● **Dataset records**

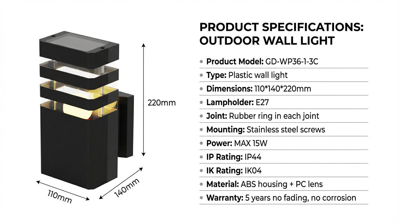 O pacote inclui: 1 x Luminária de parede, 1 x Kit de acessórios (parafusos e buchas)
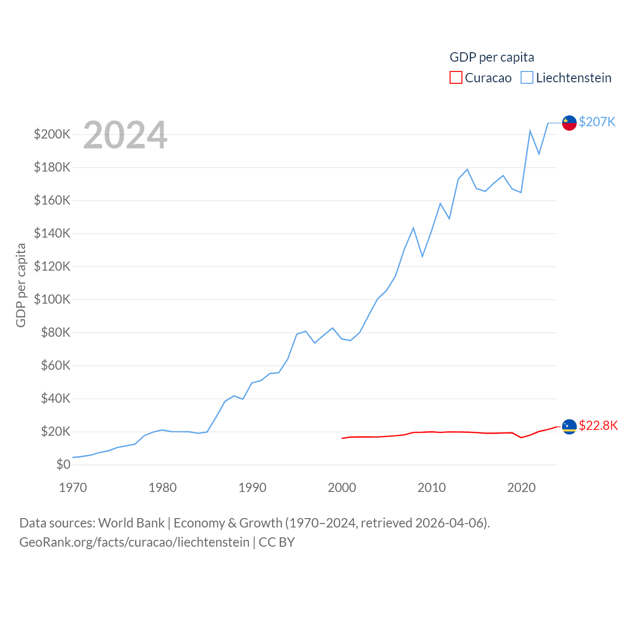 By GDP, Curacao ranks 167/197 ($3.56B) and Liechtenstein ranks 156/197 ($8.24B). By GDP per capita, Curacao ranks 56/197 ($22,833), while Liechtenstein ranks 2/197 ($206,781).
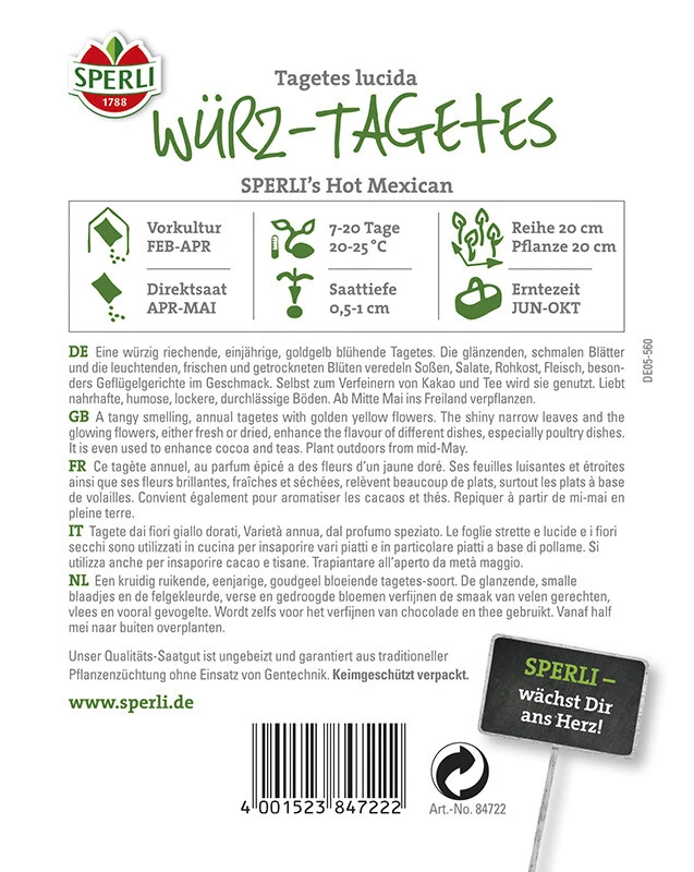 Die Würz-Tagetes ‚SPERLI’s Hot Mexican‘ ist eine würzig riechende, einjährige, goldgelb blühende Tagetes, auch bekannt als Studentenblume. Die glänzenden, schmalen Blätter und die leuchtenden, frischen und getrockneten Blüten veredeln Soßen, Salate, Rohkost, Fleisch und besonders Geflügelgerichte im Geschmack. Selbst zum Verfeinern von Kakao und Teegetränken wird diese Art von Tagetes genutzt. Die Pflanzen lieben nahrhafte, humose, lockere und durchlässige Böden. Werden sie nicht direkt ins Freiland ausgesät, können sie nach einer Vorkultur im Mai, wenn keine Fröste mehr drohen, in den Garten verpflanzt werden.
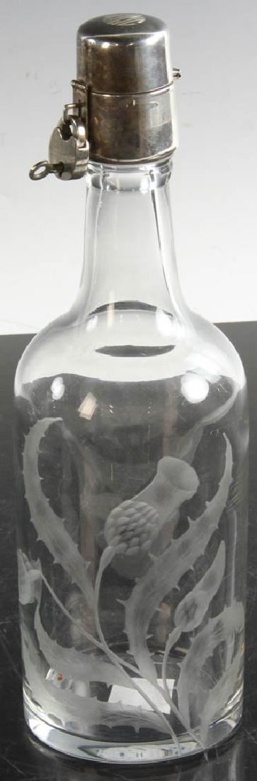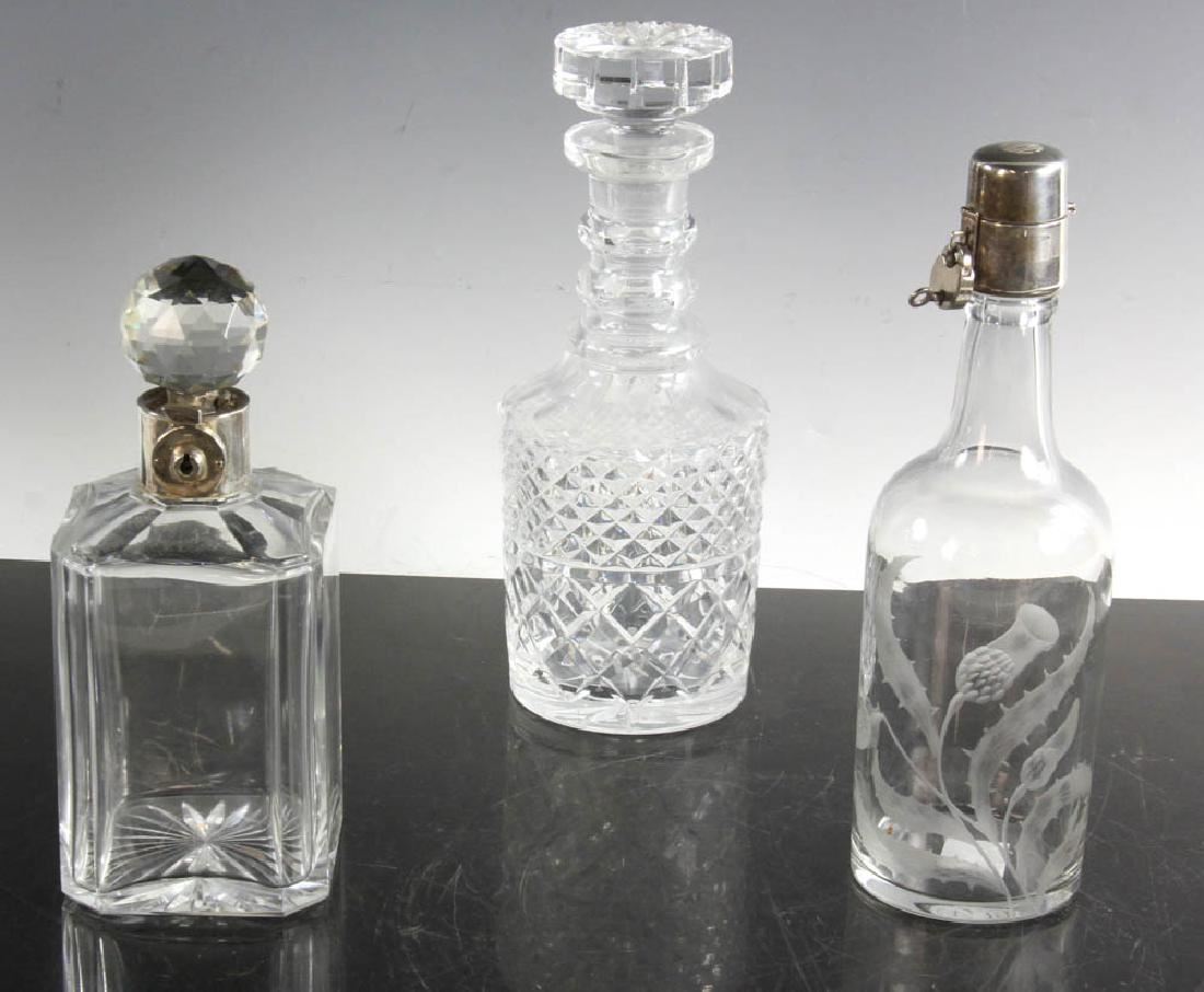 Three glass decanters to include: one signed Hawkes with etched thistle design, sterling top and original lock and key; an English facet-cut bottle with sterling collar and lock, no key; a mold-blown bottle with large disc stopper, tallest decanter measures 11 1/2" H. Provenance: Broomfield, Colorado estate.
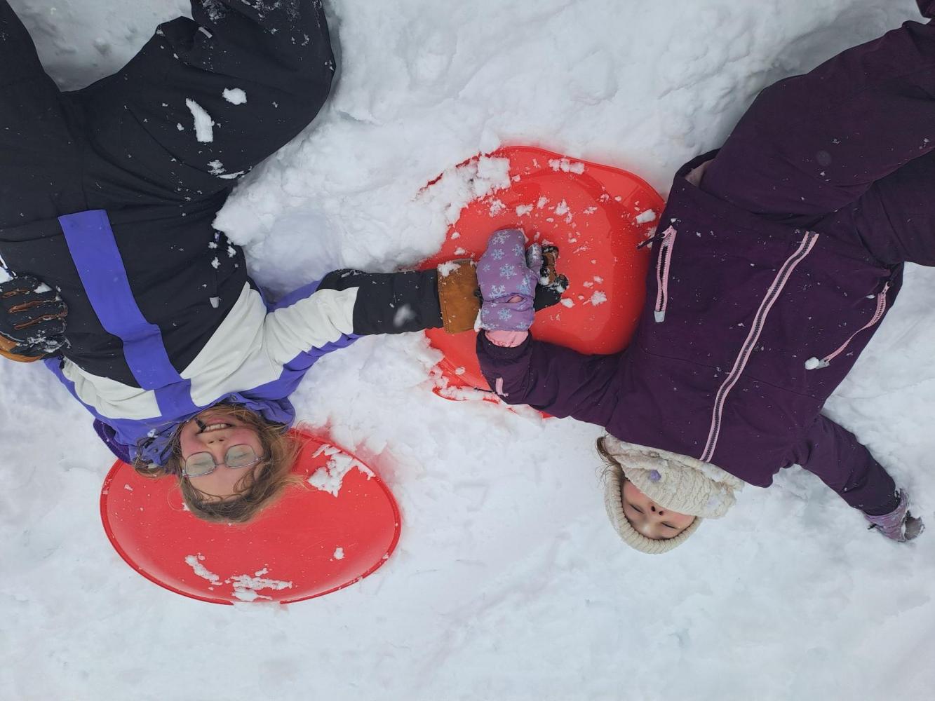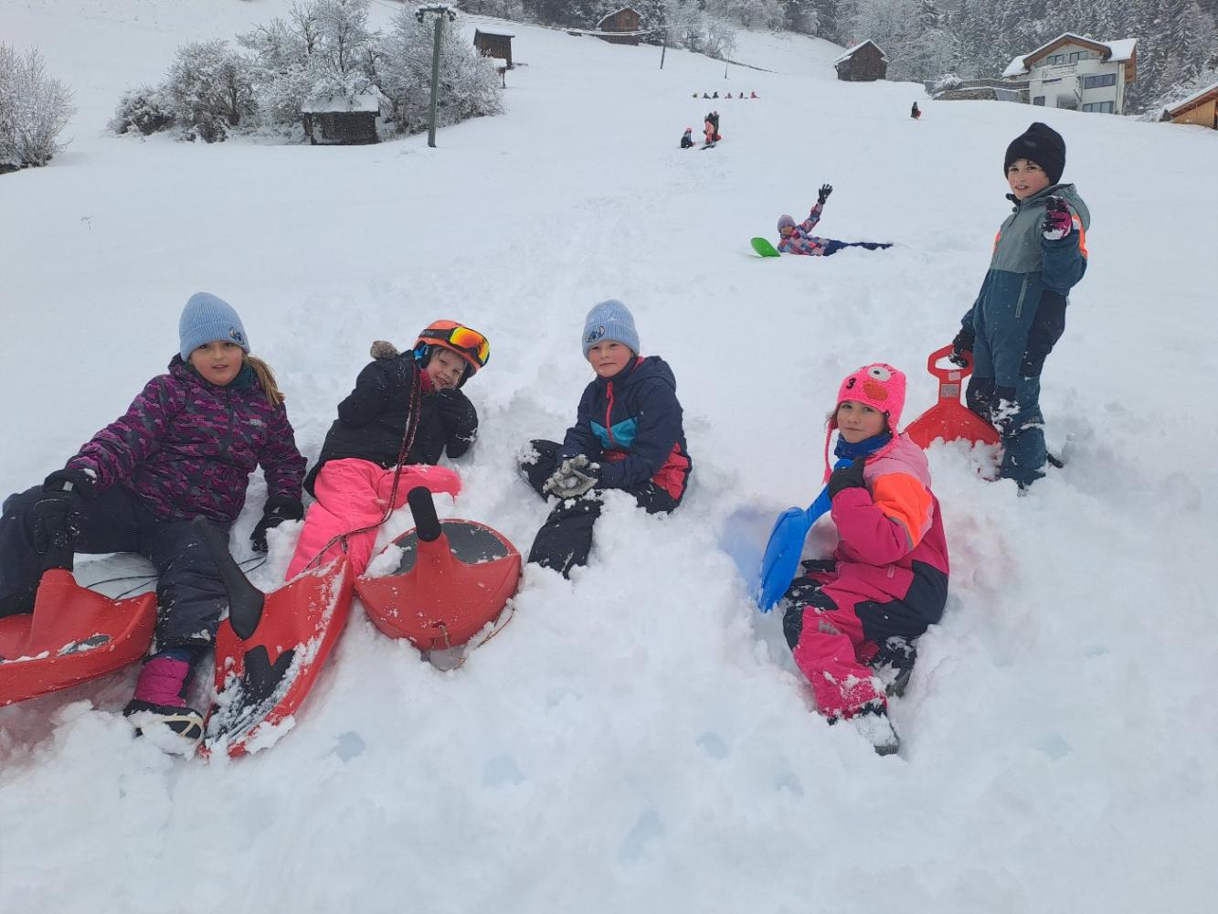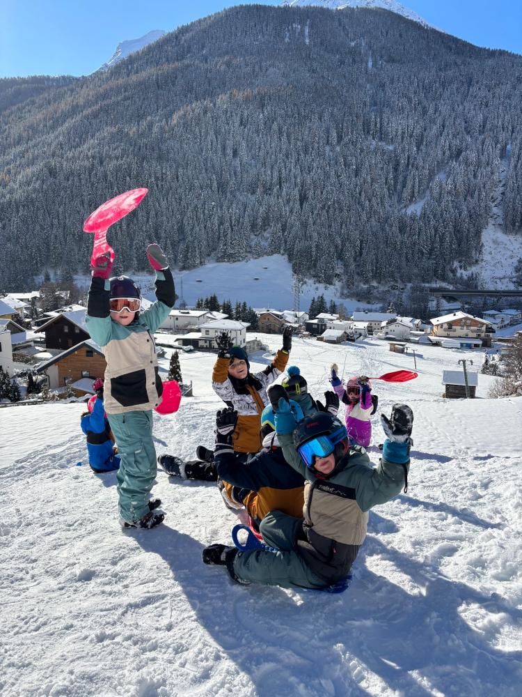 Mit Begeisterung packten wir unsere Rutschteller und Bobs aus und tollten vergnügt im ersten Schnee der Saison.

● **DESCRIPTION OF THE TASK**
Give again, word for word, only the lines from the line containing "Die Würz-Tagetes ‚SPERLI’s" through the last line above, both included; leave the pictures out.

● **RESULT FOR THIS TASK**
 Die Würz-Tagetes ‚SPERLI’s Hot Mexican‘ ist eine würzig riechende, einjährige, goldgelb blühende Tagetes, auch bekannt als Studentenblume. Die glänzenden, schmalen Blätter und die leuchtenden, frischen und getrockneten Blüten veredeln Soßen, Salate, Rohkost, Fleisch und besonders Geflügelgerichte im Geschmack. Selbst zum Verfeinern von Kakao und Teegetränken wird diese Art von Tagetes genutzt. Die Pflanzen lieben nahrhafte, humose, lockere und durchlässige Böden. Werden sie nicht direkt ins Freiland ausgesät, können sie nach einer Vorkultur im Mai, wenn keine Fröste mehr drohen, in den Garten verpflanzt werden.
 Three glass decanters to include: one signed Hawkes with etched thistle design, sterling top and original lock and key; an English facet-cut bottle with sterling collar and lock, no key; a mold-blown bottle with large disc stopper, tallest decanter measures 11 1/2" H. Provenance: Broomfield, Colorado estate.
 Mit Begeisterung packten wir unsere Rutschteller und Bobs aus und tollten vergnügt im ersten Schnee der Saison.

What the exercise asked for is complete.